Game-changers: what do they do differently?

Game-changers: what do they do differently?

Every organisation needs game-changers: they identify business opportunities others don’t and come up with innovative ideas others overlook. They think differently and have the power to disrupt and transform the landscape in their world. They permanently live outside of the comfort zone, break the rules and take hoary old clichés like “blue sky thinking” and “pushing the envelope” to whole new levels.

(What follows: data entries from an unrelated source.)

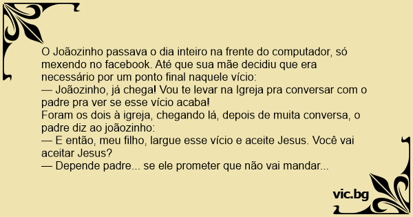 — Joãozinho, já chega! Vou te levar na Igreja pra conversar com o padre pra ver se esse vício acaba!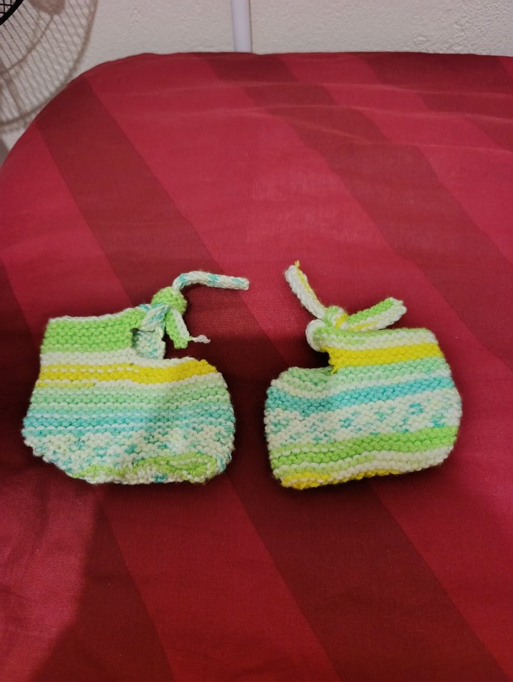 Renkli örgü malzemeden yapılmış, bağcıklı bebek botları, bohem tarzda ve batik desenlidir.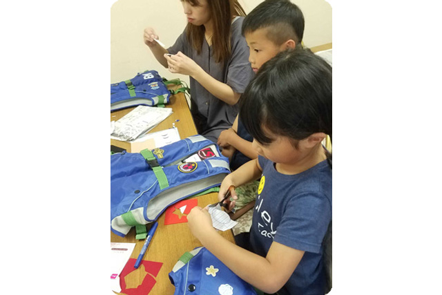 前日の13日に呉市蒲刈B&G海洋センターで、オリジナルライフジャケット作成教室を行いました。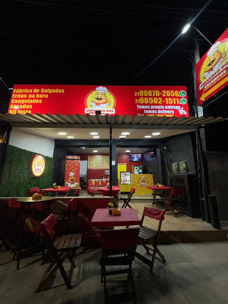 O Universo dos Salgados é referência quando o assunto é variedade e praticidade para festas, reuniões ou para ter sempre algo gostoso em casa. A casa oferece uma grande diversidade de salgadinhos tradicionais, preparados com qualidade e muito sabor. No cardápio você encontra kits festa completos, salgados fritos, assados, empanados e também opções congeladas, ideais para quem quer praticidade no dia a dia ou para organizar eventos com facilidade. Com produção caprichada e opções para diferentes ocasiões, o Universo dos Salgados é a escolha perfeita para quem busca sabor, variedade e preço acessível. Funcionamento todos os dias (exceto às terças), a partir das 17h. Forma de pagamento: Cartões, pix, VR, Ticket e Sodexo.

In the fast-paced world of digital transformation, they are even more vital to have in an organisation. Indeed, game-changers not only alter the landscape of a company but entire industries and sectors, too. Consider how, for example, the game-changing founders of Airbnb and Uber turned their respective industries on their head.

Not all leaders have the inherent characteristics to be a game-changer though. And while being one is not a prerequisite of being a great leader, all leaders must be able to spot a game-changer and harness their potential to make a difference.

What is it then that makes someone a game-changer and what do they do differently? Personality-wise, there is no one-size-fits-all. It might be expected they are extroverts and larger-than-life individuals but introverts and deep-thinkers can equally change the game. Typically, though, they are risk-taking, obsessively driven, future-focused and visionary thinkers.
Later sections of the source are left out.